[219] Lex Ripuar. Tit. 39 de Dot. mulier.
Si cependant le bien du mari consistoit en un droit de Pêche, en la garde d'un Château qui produisît quelques fruits ou revenus qu'on ne pouvoit démembrer,[220] on indemnisoit alors la femme de la part qu'elle ne pouvoit obtenir en essence sur ces sortes d'inféodations.[221]
[220] Non debent mulieribus assignare in dotem castra quæ fuerunt virorum suorum & quæ de guerra existant vel etiam homagia. Patent. d'Edouard I.
[221] De nullo quod est sua natura indivisibile nullam partem habebit, sed satisfaciat ei ad valentiam. Coke.
(b) Il covient quel soit passe lage de neuf ans.
Ceux qui ont pensé que ce douaire étoit le prix de la virginité, donnent une raison[222] de ce qu'avant neuf ans les femmes n'avoient point de douaire; mais cette raison cesse d'en être une, lorsque l'on considere que le seul consentement des parties à se prendre pour époux, forme l'essence du mariage; car selon cette maxime, si la femme méritoit quelque récompense, c'étoit plutôt au consentement qu'elle donnoit à son union, qu'à ce qui n'y étoit qu'accessoire, qu'il falloit l'attribuer.

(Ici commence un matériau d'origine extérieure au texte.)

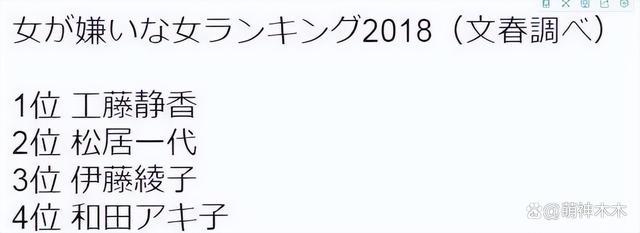 但与木村拓哉结合之后,她竟蝉联多届民选 " 最讨厌女艺人榜 " 的榜首,就在 19 年的排名揭晓后,工藤静香仍是第一名。调查结果显示,她被讨厌的原因就一个——木村拓哉是她的丈夫。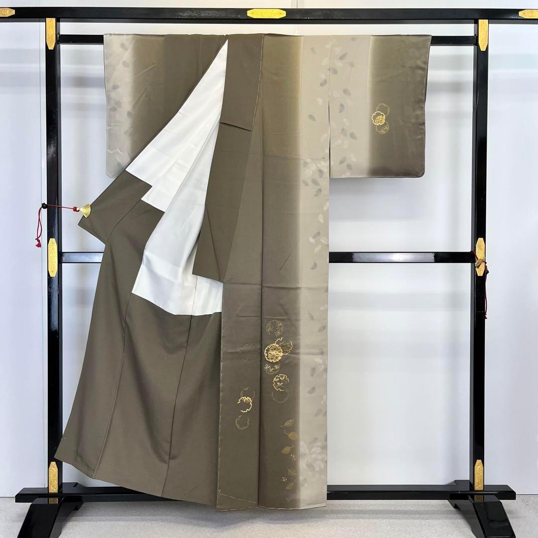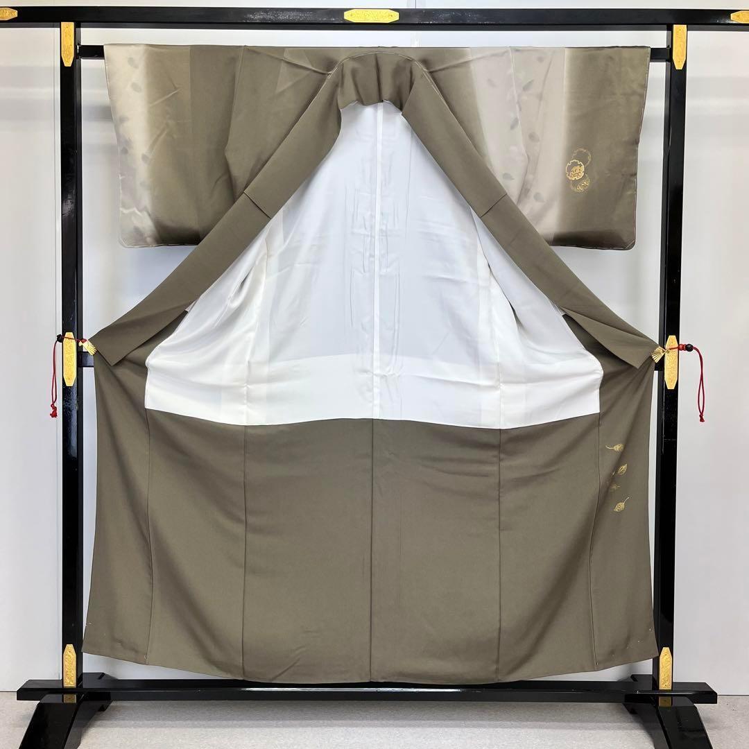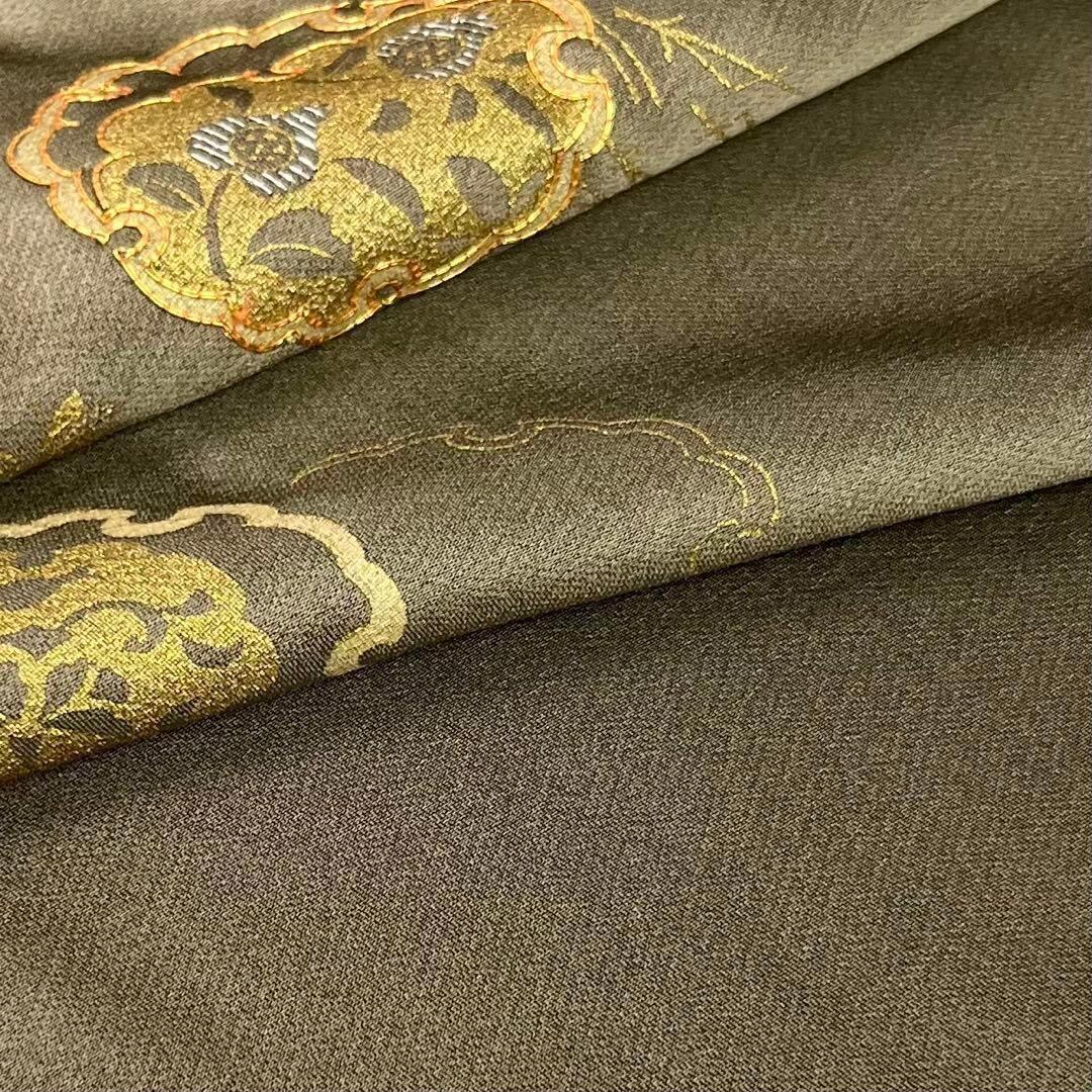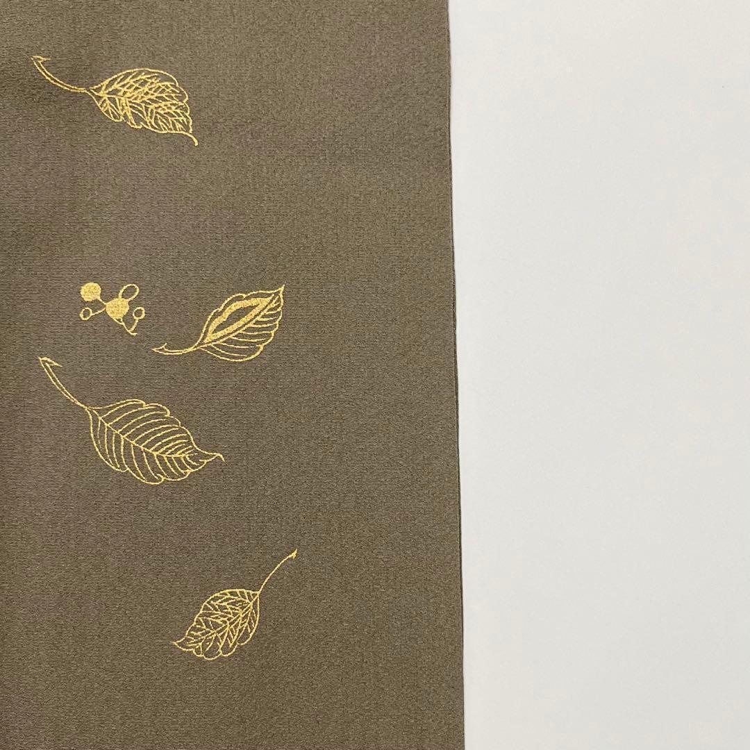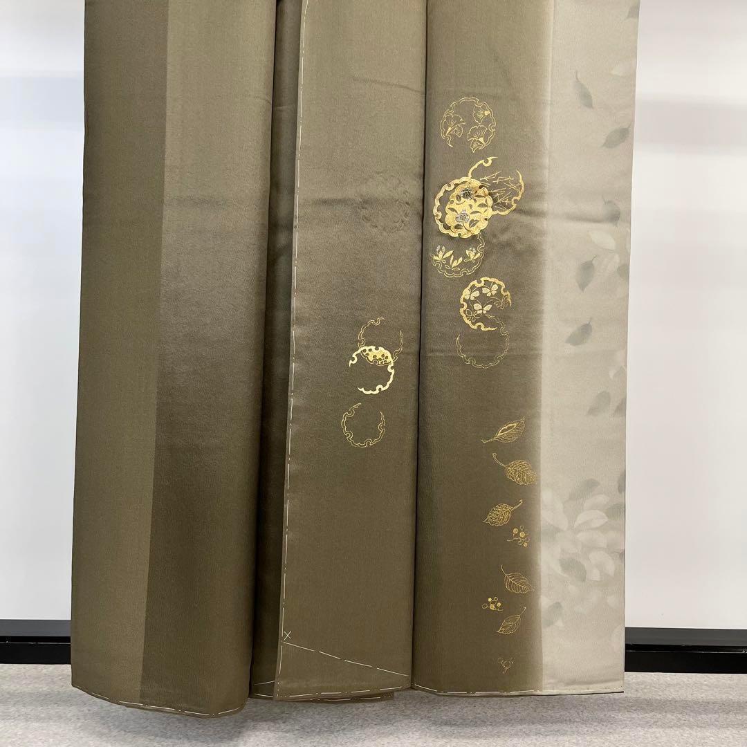 柳煤竹色ベースの染分け、金彩、金駒刺繍が使われた雪輪に葉模様がデザインされた落ち着きのあるお色味の素敵なお品でございます。

[222] Quia junior non potest virum sustinere neque dotem promereri. Ibid, Sect. 36.
Aussi Littleton accorde-t-il le douaire à la femme, de quel âge qu'elle soit au-dessus de neuf ans, & il n'en prive pas les veuves remariées. Il faut donc rechercher un autre motif que celui que les Auteurs Anglois donnent au refus que la Loi fait aux femmes du douaire, lorsqu'elles n'ont point atteint l'âge de neuf ans; & on découvre ce motif dans ce qui se pratiquoit anciennement en France.
Les filles y pouvoient agréer dès sept ans l'époux que leur famille leur destinoit;[223] leur choix cependant pouvoit être rétracté jusqu'à ce qu'elles eussent atteint l'âge de puberté. Avant cet âge on ne les considéroit donc pas comme liées irrévocablement à leur affidé, & conséquemment le douaire promis, en vue d'une alliance indissoluble, ne leur étoit dû qu'après que cette alliance avoit acquis ce caractere. S'il en eût été autrement, un pere de plusieurs filles auroit beaucoup profité en les promettant dès l'âge le plus tendre; car en conservant la liberté de résoudre leurs promesses, elles auroient pu acquérir le tiers des biens de plusieurs époux.
[223] Fevret, Traité de l'Abus, L. 5, c. 1, pag. 442.—Arret 138 de Montholon.—Vanespen, part. 2, Tit. 12. De sponsalibus & Matrimon. pag. 485 & 487. Impuberum sponsalia valida sunt & ad eorum validitatem sufficit ætas septem annorum imo & minor si malitia suppleat ætatem.—M. de Montesquieu a cru cette Coutume particuliere aux Anglois. Espr. des Loix. L. 26, c. 3.